>>>>>

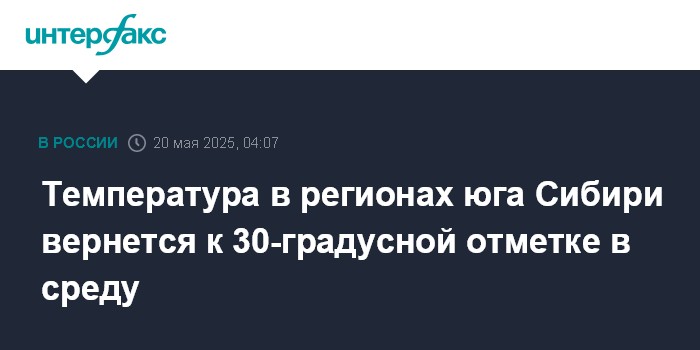 Температура в регионах юга Сибири вернется к 30-градусной отметке в среду
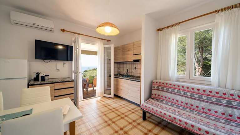 Die Appartements sind klimatisiert und verfügen über eine voll ausgestattete Küche mit Essbereich. Jedes Appartement hat einen Flachbild-TV und ein eigenes Badezimmer mit Bidet, kostenlosen Pflegeprodukten und Haartrockner. Einige Wohneinheiten bieten eine Terrasse und/oder einen Balkon mit Meerblick, was zusätzlichen Wohnkomfort gewährleistet.
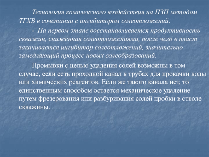 солеотложениями, после чего в пласт закачивается ингибитор солеотложений, значительно замедляющий процесс новых солеобразований.
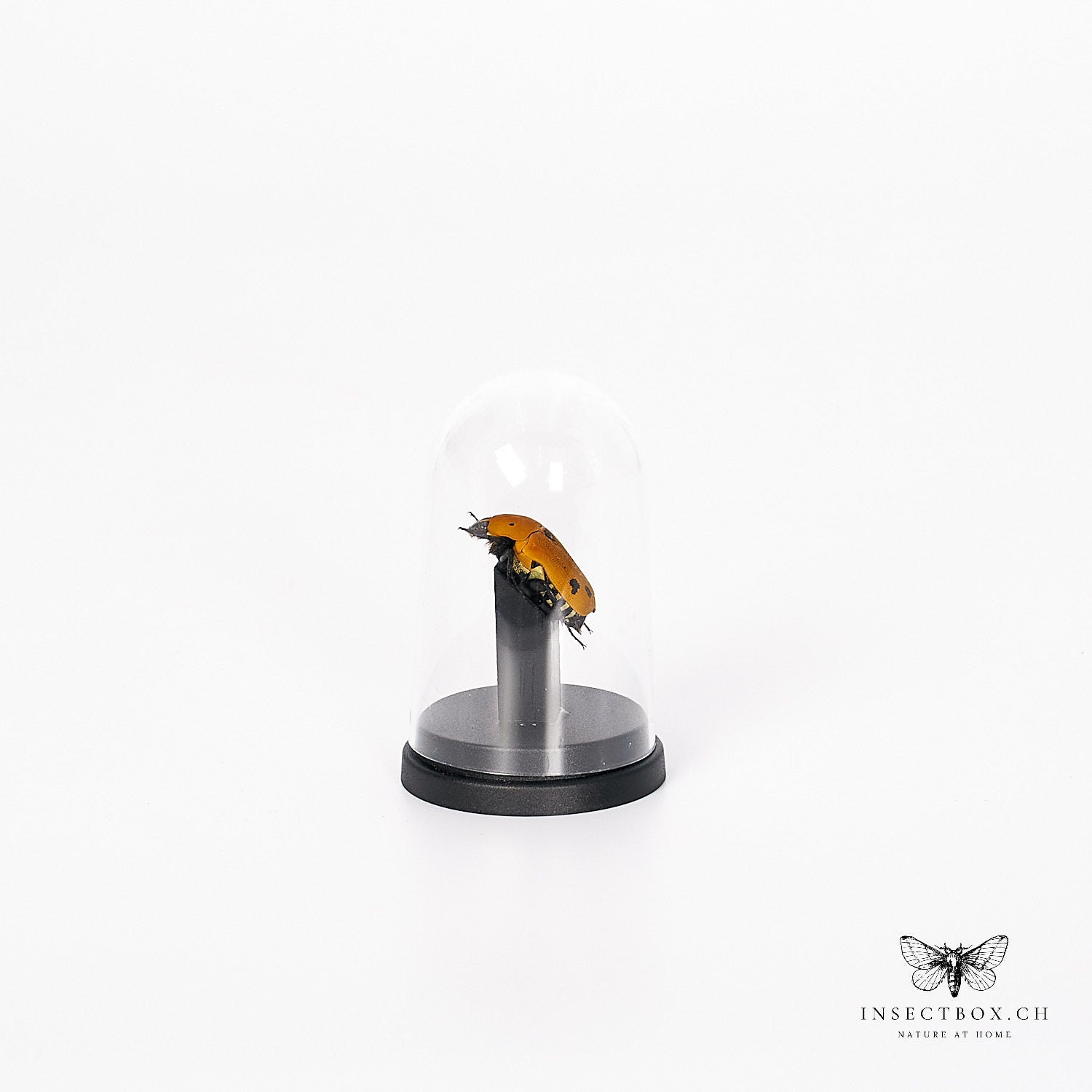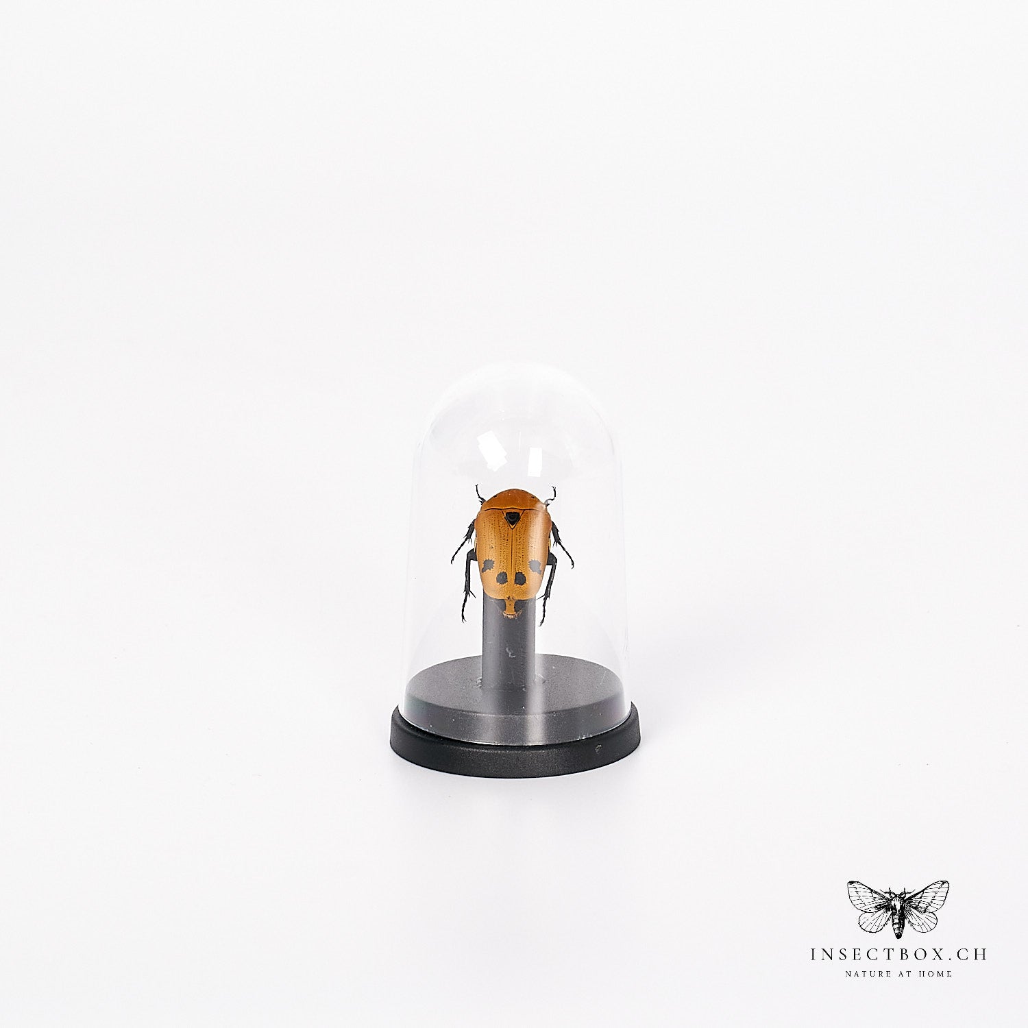 The African yellow scarab beetle is characterized by its striking yellow color, which makes it highly visible in its natural habitat. Its body is often robust and compactly built, typical of beetle species in this family. The males of this scarab beetle are usually slightly larger than the females and may have additional structures on their forelegs that play a role in mating.
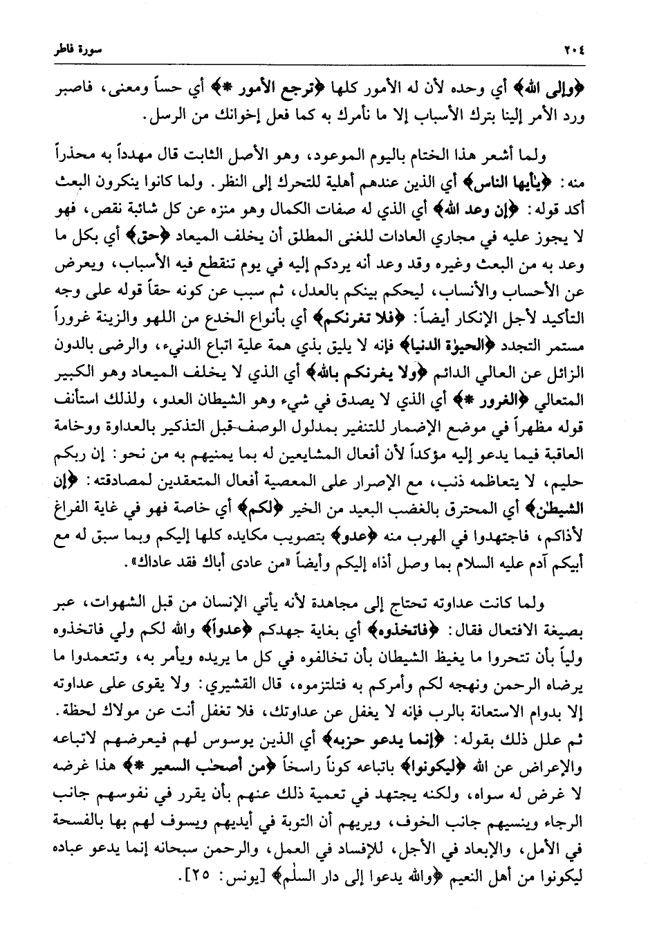 ولما كانوا ينكرون البعث أكد قوله : ( إن وعد الله ) أي الذي له صفات الكمال وهو منزه عن كل شائبة نقص ، فهو لا يجوز عليه في مجاري العادات للغنى المطلق أن يخلف الميعاد ) حق ) أي بكل ما وعد به من البعث وغيره وقد وعد أنه يردكم إليه في يوم تنقطع فيه الأسباب ، ويعرض عن الأحساب والأنساب ، ليحكم بينكم بالعدل ، ثم سبب عن كونه حقاً قوله على وجه التأكيد لأجل الإنكار أيضاً : ( فلا تغرنكم ) أي بأنواع الخدع من اللهو والزينة غروراً مستمر التجدد ) الحياة الدنيا ( فإنه لا يليق بذي همه عليه اتباع الدنيء ، والرضى بالدون الزائل عن العالي الدائم ) ولا يغرنكم بالله ) أي الذي لا يخلف الميعاد وهو الكبير المتعالي ) الغرور ) أي الذي لا يصدق في شيء وهو الشيطان العدو ، ولذلك استأنف قوله مظهراً في موضع الإضمار للتنفير بمدلول الوصف قبل التذكير بالعداوة ووخامة العاقبة فيما يدعو إليه مؤكداً لأن أفعال المشايعين له بما يمنيهم به من نحو : إن ربكم حليم ، لا يتعاظمه ذنب ، مع الإصرار على المعصية أفعال المتعقدين لمصادقته : ( إن الشيطان ) أي المحترق بالغضب البعيد من الخير ) لكم ) أي خاصة غهو في غاية الفراغ لأذاكم ، فاجتهدوا في الهرب منه ) عدو ( بتصويب مكايده كلها إليكم وبما سبق له مع أبيكم آدم عليه السلام بما وصل أذاه إليكم وأيضاً ( من عادى أباك فقد عاداك ) .
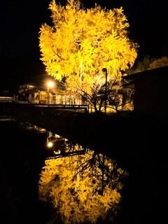 昨夜はちょうどお月様が大銀杏の枝にかかっていて、1時間ほど、ぼんやりと眺めていました。散歩の途中に見上げに来られる方、本渡から大銀杏に逢いに来たという二人組、「今年もありがとう」と大木に声をかけていらっしゃる方、長い時間ずっとカメラを構えて撮影されている方など、それぞれが、それぞれの心を癒やされに大銀杏の袂に集います。
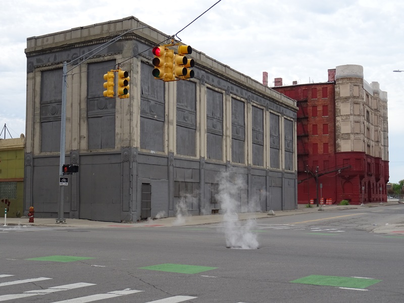 Der eigentliche Grund, warum ich Detroit sehen wollte, war die alte Packard Autofabrik, die seit Jahren leer steht. Das Fabrikgelände liegt mitten in der Stadt. Zwar nicht gerade neben dem Rathaus, aber doch so zentral, dass sich ringsherum Wohnhäuser und andere Fabriken befinden. Mir war eigentlich klar, dass ich nicht auf das Gelände gelangen würde, weil es sich noch immer im Besitz von Packard befindet und weil es vollkommen einsturzgefährdet ist. Trotzdem wollte ich dort unbedingt Fotos machen.
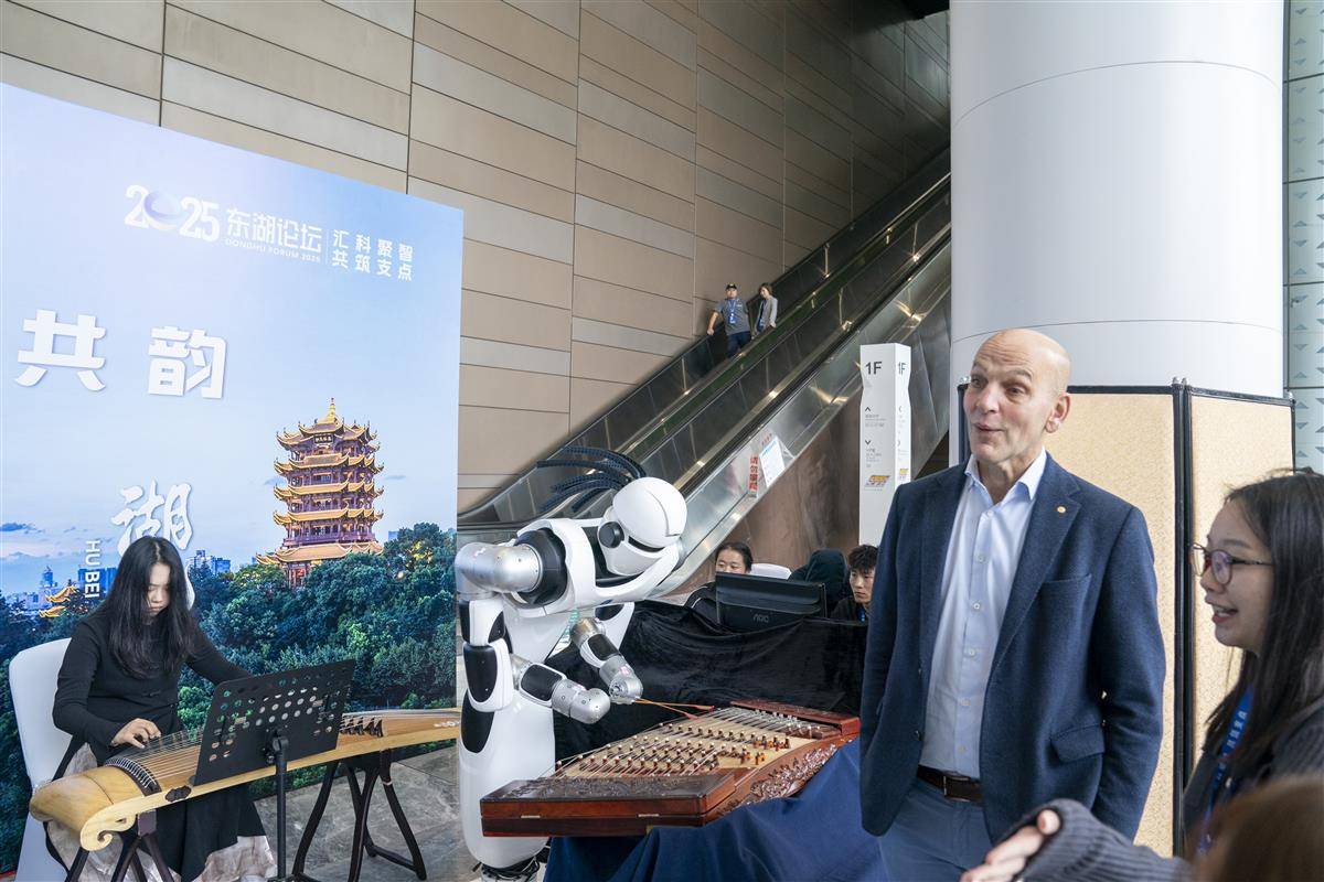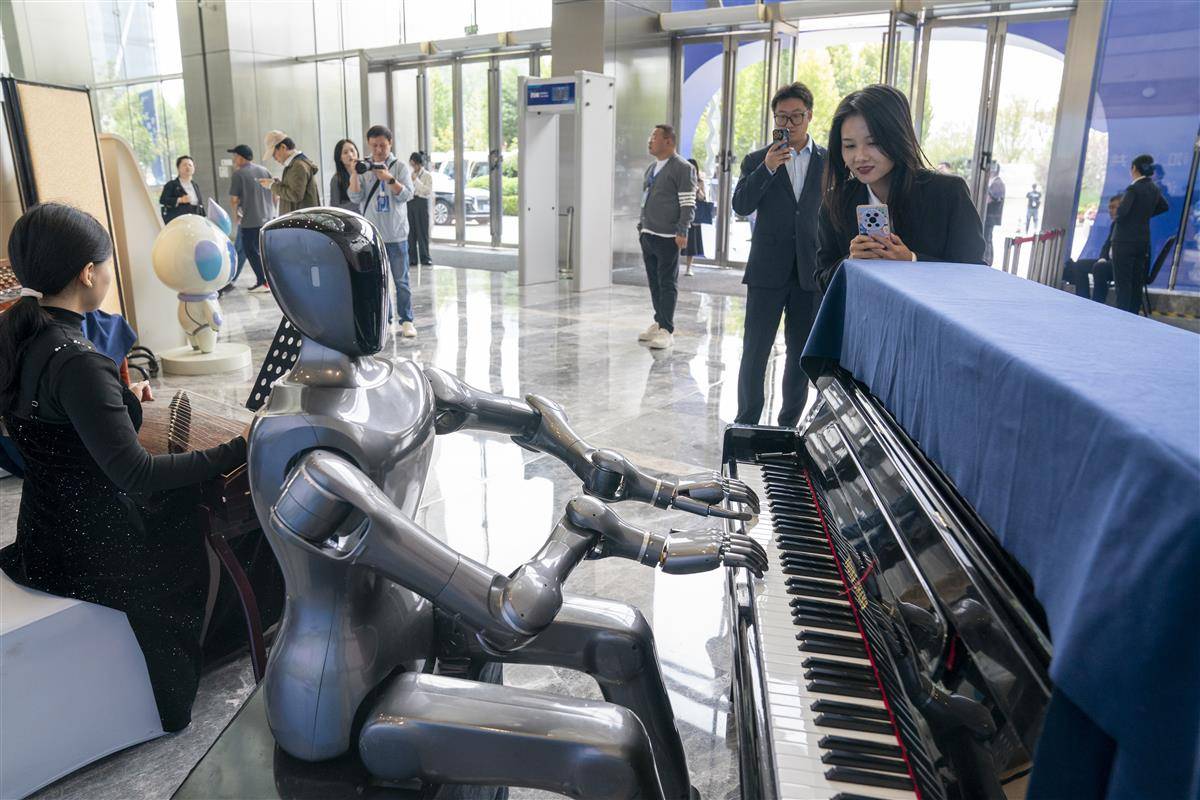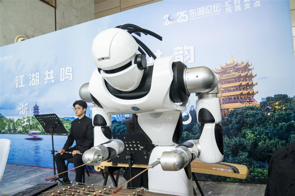 论坛会场外,人形机器人现场演奏《高山流水》
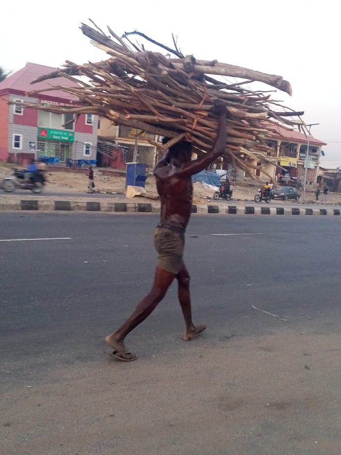 A dark-skinned man is carrying a large bundle of sticks or wood on his head, walking along a road. He is shirtless, wearing short khaki-colored pants and sandals. In the background, there are buildings, including one with the sign "ANGEL'S REST FOOD." Motorcycles and cars are moving on the road, and there are a few other people visible in the distance. The photo appears to be taken during the day.
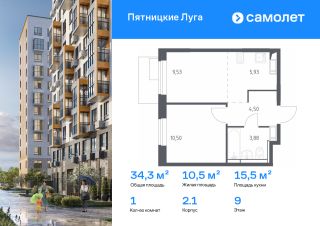 Строим кварталы для жизни с заботой о будущем. Предлагается 1-комнатная квартира комфорт-класса 34,34 кв.м в корпусе 2.1 на 9 этаже, в ЖК "Пятницкие Луга"

<<<<<

• [Description of the task] Pictures excluded, repeat the material above from its first line through the line containing "солеотложениями, после чего", both included.

• [Solution to this problem]
 Температура в регионах юга Сибири вернется к 30-градусной отметке в среду
 Die Appartements sind klimatisiert und verfügen über eine voll ausgestattete Küche mit Essbereich. Jedes Appartement hat einen Flachbild-TV und ein eigenes Badezimmer mit Bidet, kostenlosen Pflegeprodukten und Haartrockner. Einige Wohneinheiten bieten eine Terrasse und/oder einen Balkon mit Meerblick, was zusätzlichen Wohnkomfort gewährleistet.
 солеотложениями, после чего в пласт закачивается ингибитор солеотложений, значительно замедляющий процесс новых солеобразований.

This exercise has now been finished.